But, as often happens in the world of AI, the revolution had not yet cooled before its next phase arrived. In March 2025, Google introduced TxGemma—an open-source successor, built on the new Gemma 2 architecture. And the results are impressive: the largest model in the TxGemma family surpassed or matched its predecessor's performance in 64 out of 66 tasks. This is not just an update—it's a paradigm shift. The move to open models means democratizing this powerful tool, allowing any research group to adapt and fine-tune it for their unique data and tasks.
Moreover, TxGemma brought with it two qualitative leaps that perfectly illustrate the evolution of the AI-Expert:
- Introduction of "Chat" version: In addition to models for predictions (
predict
), conversational ones (chat
) also appeared. This means that now a researcher can not only get an answer ("will this molecule be toxic?"), but also ask the next, most important question: "And why do you think so?". The model's ability to explain its logic, based on the molecule's structure, transforms it from an oracle into a full-fledged analytical colleague. - Integration into agentic systems: TxGemma is not the end point. Developers showed how it can become a "tool" in the hands of a more complex system—Agentic-Tx. This is no longer just a model, but a full-fledged AI agent based on Gemini 2.0 Pro, which can independently plan multi-step research, use 18 different tools (including searching PubMed and TxGemma itself), and answer complex questions. This is precisely the "conductor of the AI orchestra" we spoke of at the beginning, in action.

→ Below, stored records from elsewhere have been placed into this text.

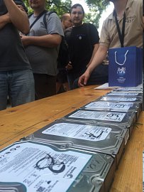 Nesmíme samozřejmě zapomenout ani na soutěž. Zatímco v roce 2013 byla na RetroFestu uspořádána soutěž o hod serverem na dálku, letos se házelo harddisky na určenou metu (tou byl klacek zapíchnutý v zemi :-). Podle slov organizátorů byly disky vadné již před soutěží…
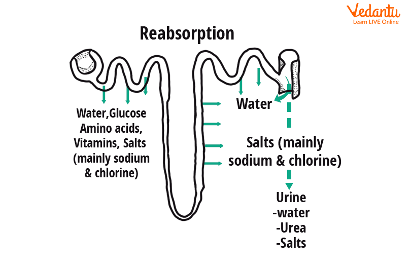 The reabsorption process takes place mostly in the renal tubules (the proximal convoluted tubule (PCT), a loop of Henle, and the distal convoluted tubule (DCT). This is where 99% of the filtrate is produced. It refers to the return of substances from the filtrate (in the nephron) to the blood circulation (of peritubular capillaries). Urea, uric acid, and creatinine are nitrogenous wastes that are not reabsorbed. This is an active as well as a passive process.
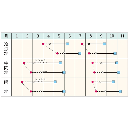 - 花期、収穫期(○○どり)、高さ、収穫重量などの性質は、一般平坦地における適期栽培でのおおよその目安です。

Chemical Intuition in Silicon
We have just seen how the TxGemma
family of models creates a unified platform for the entire drug development cycle. But to truly succeed in this, AI must master not just biochemistry, but its fundamental basis—chemistry. This is a world with its own strict language, where instead of words there are molecules, and instead of grammar there are laws of chemical reactions. For decades, chemists have relied on their intuition—that difficult-to-formalize sense that suggests which reaction will proceed and which will not. Today, we see this intuition being born in silicon.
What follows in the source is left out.